There was nothing explicitly said about the process, and no one reading an Apple ToS doc would have expected that their own voice recordings were being sent outside the company and put in the hands of 3rd party contractors in off-site locations for review and transcription. Nor would they have thought there was no way to prevent it outside of not using Siri at all.
So no it was NOT properly disclosed. Now it has been and Apple has taken steps to allow users to have more say in it while being more transparent about the whole process. Users not being aware it was going on is what has led Apple to make the changes it has.
I remember when Jurassic Park was first released people being amazed by the dinosaurs. I had a read an article about a bunch of the special effects used during production of the movie. I brought it up with a friend (who is not a techie), I said something along the lines of, “Did you see how they animated the dinosaurs?” His response was, “Yeah. With computers.” That’s it. To him, CGI consisted of typing into a computer: DRAW DINOSAUR and then MAKE DINOSAUR WALK. I am not exaggerating at all.
My point is, people like him, and there are many many like him, think that “computers” just do the work. If the marketing says that the camera’s AI scans the footage and determines what is in it then that’s the end of it. The computer in the camera is doing all the work, no human involved.
I agree on the transparency. My guess is that they aren’t up front about it because it sounds distasteful to many. How much harder would it be for a company to sell their camera to people if they have to explain that, yes, humans may be looking at the footage collected in your home? I bet that makes it a LOT harder. Better to just be vague and try to put that in the small print on the website that’s address is on the bottom of the box and not linked from anywhere.
Apple please hurry up and take Home seriously! I'm at the point of thinking Apple needs to acquire some home security companies and make these spyware devices irrelevant. Like Siri, iPhone and podcasts, this whole industry was Apple's idea and they're laying back allowing everyone in.
And cry me a river about the Siri thing. All information was anonymous and untraceable. Apple could release these recordings to the public and it would do diddly-squat!
Unlike spyware companies like Facebook and Google who know who your children are, where you live and what you purchase.
Apart from that: it becomes more and more obvious that machine learning is so much easier when you give a damn about privacy.
Google anonymized their voice recordings too before sending them out for 3rd party transcription. It still did not prevent a dishonest contracted person from taking a few containing personal information such as an address or person's name to a newspaper reporter who dedicated themselves to identifying the person behind the voice. successfully I might add allowing them to leap to the inference Google must be sharing personal information.
But Apple and Google were each doing the same thing, relegating a user to a number instead and otherwise attempting to separate the recordings from an identifiable person. So yeah it's not all "untraceable".

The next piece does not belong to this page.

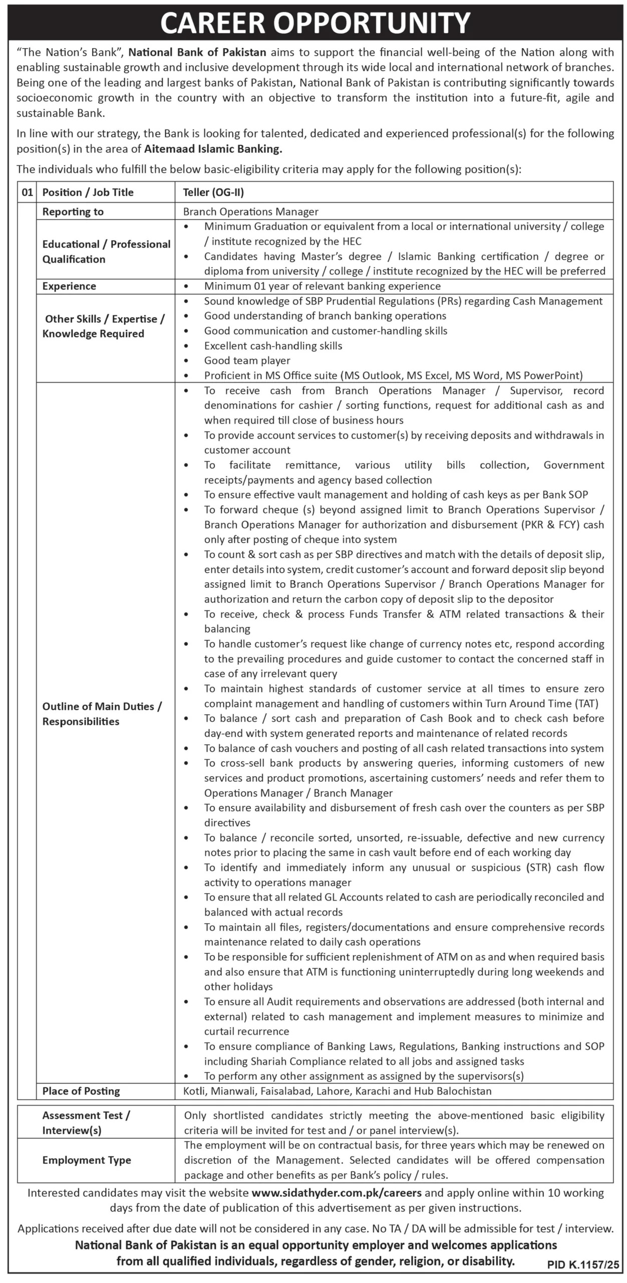 National Bank of Pakistan NBP Karachi Teller Jobs 2025 NBP, being one of the largest financial institutions in Pakistan, plays a pivotal role in promoting financial inclusion, sustainable growth, and national economic stability. This article provides complete details about the NBP Teller (OG-II) Jobs 2025, including eligibility criteria, skills requirements, job responsibilities, and the online application procedure.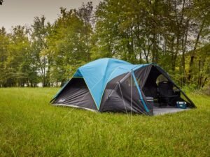 Coleman 8-Person Carlsbad Dark Room Dome Camping Tent with Screen Room, 2 Rooms, Blue

Side note: The same source claimed Apple also assigned certain demographics to the supplied voice recordings such as general location, male or female, what app the recording came from, that type of thing. So Apple does apparently keep track of a little more than you understand them to.
Unlike Facebook/Google/Amazon, Apple doesn't care what you do they only care about improving their services.
Privacy is a big deal to Apple.
Mention Google and he will come....
*Gatorguy summon card activated*
The source claimed the recording were completely anonymous and untraceable.
Also
Google isn't as good as you understand them to be.
"The whistleblower said: “There have been countless instances of recordings featuring private discussions between doctors and patients, business deals, seemingly criminal dealings, sexual encounters and so on. These recordings are accompanied by user data showing location, contact details, and app data.”
Any recording that includes an address or name, and especially if combined with approximate location, is traceable. You knew that.
Apple's voice recordings were no less (or more) traceable than Google's. Gosh is that me throwing Google under the bus too?